Re: max_connections reached in postgres 9.3.3

From: "Vasudevan, Ramya" <ramya(dot)vasudevan(at)classmates(dot)com>
To: Merlin Moncure <mmoncure(at)gmail(dot)com>
Cc: "pgsql-general(at)postgresql(dot)org" <pgsql-general(at)postgresql(dot)org>
Subject: Re: max_connections reached in postgres 9.3.3
Date: 2014-06-12 18:23:12
Message-ID: 20EE50F73664E744AF948F0106FE6DFA2AD0C9B2@SEAMBX01.sea.corp.int.untd.com
Views: Raw Message | Whole Thread | Download mbox | Resend email
Thread:
Lists: pgsql-general

Thank you for the response.

On further investigation, we found out that select statements were happening normally. But DMLs (writes to the DB) were hung for minutes at a time, and some of them went through. And we had 2 checkpoints during this period. Yesterday when we had the issue, we had 759 connections that were not idle (116 COMMIT, 238 INSERT, UPDATE 176, 57 AUTHENTICATION, 133 BIND). So, it looked like writes (simple inserts and updates) were not happening as fast and caused connections to back up in the DB. So, it didn’t look like any one bad query.
It almost seems like postgres could not write to the WAL logs.

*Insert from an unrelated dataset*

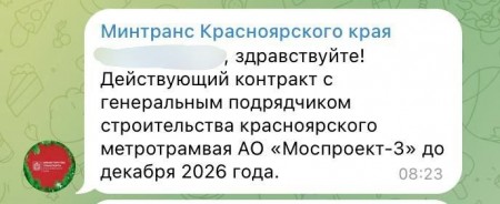 Министерство транспорта Красноярского края ответило на вопрос о сроках строительства метротрама. Комментарий ведомства не прояснил ситуацию. Напомним, что 13 февраля красноярец спросил у мэра Сергея Верещагина в соцсетях о судьбе проекта.
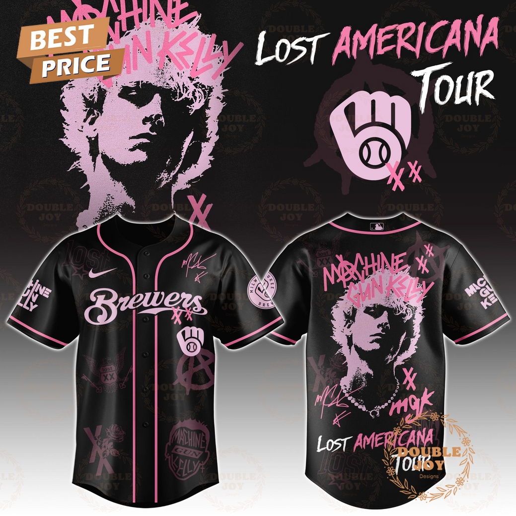 The Milwaukee Brewers x MGK Tour 2025 The Lost Americana Baseball Jersey represents a truly distinctive fusion of professional sports and contemporary music culture, offering an unparalleled piece of fan apparel. This isn’t just another team jersey or concert tee; it’s a carefully curated collector’s item that bridges two passionate fan bases with a unique aesthetic. At its core, the jersey’s design masterfully blends the iconic Milwaukee Brewers identity with the raw, rebellious spirit of Machine Gun Kelly, all filtered through the evocative “Lost Americana” theme. This theme manifests in a subtly distressed finish that gives the jersey an immediate vintage appeal, as if it has been on countless journeys and witnessed unforgettable moments. Expect a rich, nuanced color palette, likely incorporating classic Brewers blues and golds, but with desaturated tones or unexpected accents that align with MGK’s punk-rock edge—think faded creams, deep oxblood reds, or even a dominant charcoal or black, providing a striking contrast to traditional sports merchandise.

We normally have 600-700 connections in the database. Since we migrated lot more applications to this postgres database from oracle, we increased max_connections just as a test to see if we legitimately need to allow more connections or if it is an issue. And quickly realized that we already had a high number (1500)

Thank You
Ramya

-----Original Message-----
From: Merlin Moncure [mailto:mmoncure(at)gmail(dot)com]
Sent: Wednesday, June 11, 2014 4:24 PM
To: Vasudevan, Ramya
Cc: pgsql-general(at)postgresql(dot)org
Subject: Re: [GENERAL] max_connections reached in postgres 9.3.3

On Wed, Jun 11, 2014 at 1:24 PM, Vasudevan, Ramya <ramya(dot)vasudevan(at)classmates(dot)com> wrote:
> Our set up:
>
> · Db version: postgres 9.3.3
>
> · OS: CentOS 6.5
>
> · kernel Version - Linux 2.6.32-431.3.1.el6.x86_64 #1 SMP Fri Jan 3
> 21:39:27 UTC 2014 x86_64 x86_64 x86_64 GNU/Linux
>
> · cpu - 24 proc
>
> · memory - 768 GB
>
> · The disks are SAN fiber.
>
> · We have streaming replication set up from this server to the
> secondary server.
>
> · Some of the DB parameters:
>
> max_connections - 1500
>
> shared_buffers - 4GB
>
> work_mem = 130MB
>
> maintenance_work_mem = 1GB
>
>
>
> Issue this morning:
>
> At 9:04 - FATAL: remaining connection slots are reserved for
> non-replication superuser connections
>
> These were the things we noticed and have question on each one of them:
>
> pg_stat_activity showed a total of 850 connections but a 'ps -ef|grep
> postgers' showed 1500 connections and DB wasn’t accepting new connections.
> How is it possible to have such discrepancy in count between
> pg_stat_activity and ps?
>
> 200 were in waiting status, 50 were in authentication status, 748 were
> in IDLE status and the rest were all doing some DML operations. Why
> will 50 connections be in authentication status in the database and stay there?
>
> Some existing sessions were completing the sqls successfully (though
> not as fast). So, the database was not completely hung or unresponsive.
>
> Trying to kill the session at the DB level (pg_terminate_backend) were
> just hanging. Why would this be the case?
>
> During this time, server had a very high load average of 130 (normally
> we have < 5).
>
> We had to restart the database to clear it all up.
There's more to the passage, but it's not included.